Reolink’s early Prime Day offers are a must-see for anyone after quality home security cameras at a great price

So, you want a home security camera…
Alun Taylor
Written By
Sponsored By Reolink
Published on 16 June 2026

Only a few years ago, setting up a home security camera system involved forking out a lot of money for a professional CCTV system and having it professionally installed.  

The mass adoption of Wi-Fi and smartphones has changed all that. Now it’s easy to buy a camera system without breaking the bank and set it up yourself with only the most basic of DIY skills. 

The question is: which cameras should you buy? There are a few major considerations here:

1. The storage subscription

First and foremost, do you need to take out a rolling subscription to access the recordings your camera makes? If it does, you will be tied to an ongoing monthly or yearly subscription. Here at Expert Reviews, we regard this as a Very Bad Thing.  

2. The power/data supply

Next up there’s the little matter of power and data. Some cameras need a proper 240V mains power supply but others come bundled with a solar panel to keep an internal battery charged, so you don’t need to worry about getting mains power from the inside to the outside. 

While Wi-Fi works for many people, there may be situations in which you want a wired data connection, which means a camera with Ethernet or Power over Ethernet (PoE) is the best option. 

3. The purpose of the camera

It’s also worth considering what you actually need your camera to do.
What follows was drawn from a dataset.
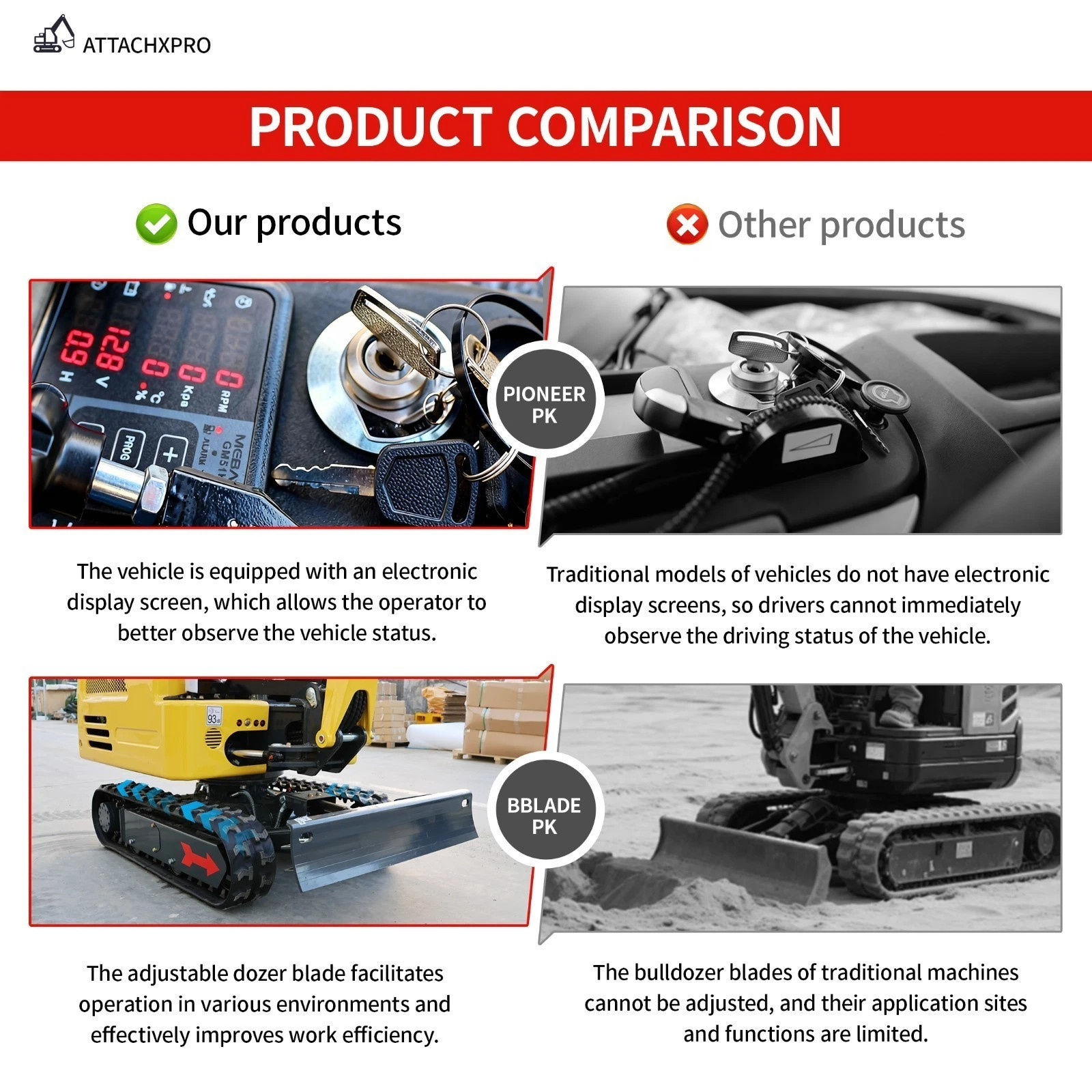✅Side Swing Boom : 124° maximum deflection angle for flexible operation in confined spaces (e.g., backyard, trenches). ✅Pre-Installed Thumb Clamp : Effortlessly grab, lift, and move debris, logs, rocks, and construction materials with precision.

Most domestic security cameras have floodlights designed to light up the average suburban garden or driveway in mind, rather than illuminate larger expanses, be they domestic or commercial.  

A good security camera will come with powerful floodlights, high-quality infrared receivers for very low light situations, but also good low-light colour vision, which can give the impression of daylight even if the only ambient light comes from the moon and the occasional streetlight. 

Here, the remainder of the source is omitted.